Approximately 35,000 people worldwide have LHON, a genetic condition that affects the optic nerve, which sends visual information from the eye to the brain. In most cases, LHON – short for Leber’s hereditary optic neuropathy – leads to severe vision loss in both eyes, usually beyond the threshold of legal blindness and mostly among young men. In this episode of Ideas to Innovation Season 2, two special guests discuss the challenges of this rare disease on patients and their families. They help explain, too, the role and work of scientific research in seeking answers.

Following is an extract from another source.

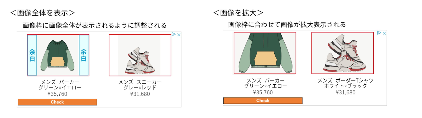 Criteoは多様な配信面を持っており、バナーサイズによってカタログアイテムエリアのアスペクト比も変動します。そのため「画像を拡大」を選択した場合、アイテム画像が見切れる可能性があるため注意が必要です。
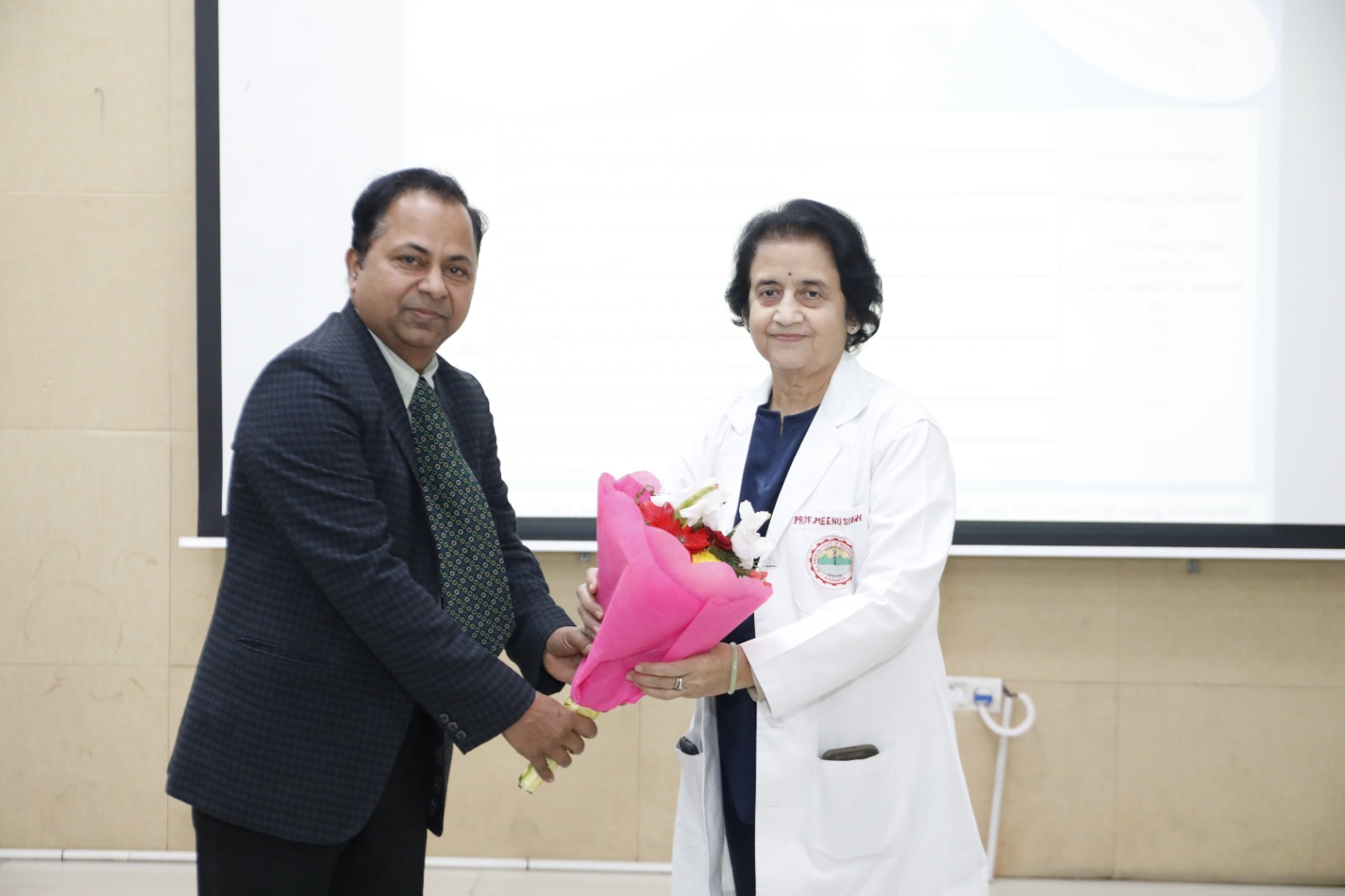 इस अवसर पर फार्माकोलॉजी विभाग के प्रमुख डॉ. शैलेन्द्र हांडू, कॉलेज ऑफ नर्सिंग की प्राचार्य प्रो. स्मृति अरोड़ा, जिरियाट्रिक मेडिसिन की प्रमुख प्रोफेसर प्रो. मीनाक्षी धर, नेत्र रोग विभाग के प्रमुख प्रो. संजीव कुमार मित्तल, डीएमएस डॉ. भारत भूषण, डॉ. अंबर प्रसाद, डॉ. वान्या सिंह, डॉ. वेंकटेश पई, फार्माकोलॉजी विभाग की डॉ. मनीषा बिष्ट, प्रो. बलराम जी उमर, मुख्य नर्सिंग अधिकारी रीता शर्मा, आयोजन सचिव एवं नर्सिंग फेकल्टी डॉ. मनीष शर्मा, विभिन्न विभागों के एसआर, जेआर, डीएनएस, एएनएस, नर्सिंग अधिकारी आदि स्वास्थ्य देखभाल कार्यकर्ता उपस्थित थे।

Our first guest, Lissa Poincenot, is the mother of a son who became affected by LHON in 2008 when he was 19 years old, and a daughter who was affected in 2018 at age 26. Today, Lissa, a resident of Carlsbad, California, is focused on supporting and developing the LHON community. She is a published author and founder of the www.lhon.org, a global network of Facebook groups and support groups among people whose lives have been impacted by LHON. Shyama Ghosh, our second guest, is senior principal content editor at Clarivate, based in Antwerp, Belgium. She has a strong interest in rare diseases and advocates for relevant reporting to increase awareness about such conditions. During the COVID-19 pandemic in 2020, Shyama was part of a team of Clarivate epidemiologists who created a COVID-19 medical dashboard to help vaccine manufacturers harness the large volume of information emerging from various sources.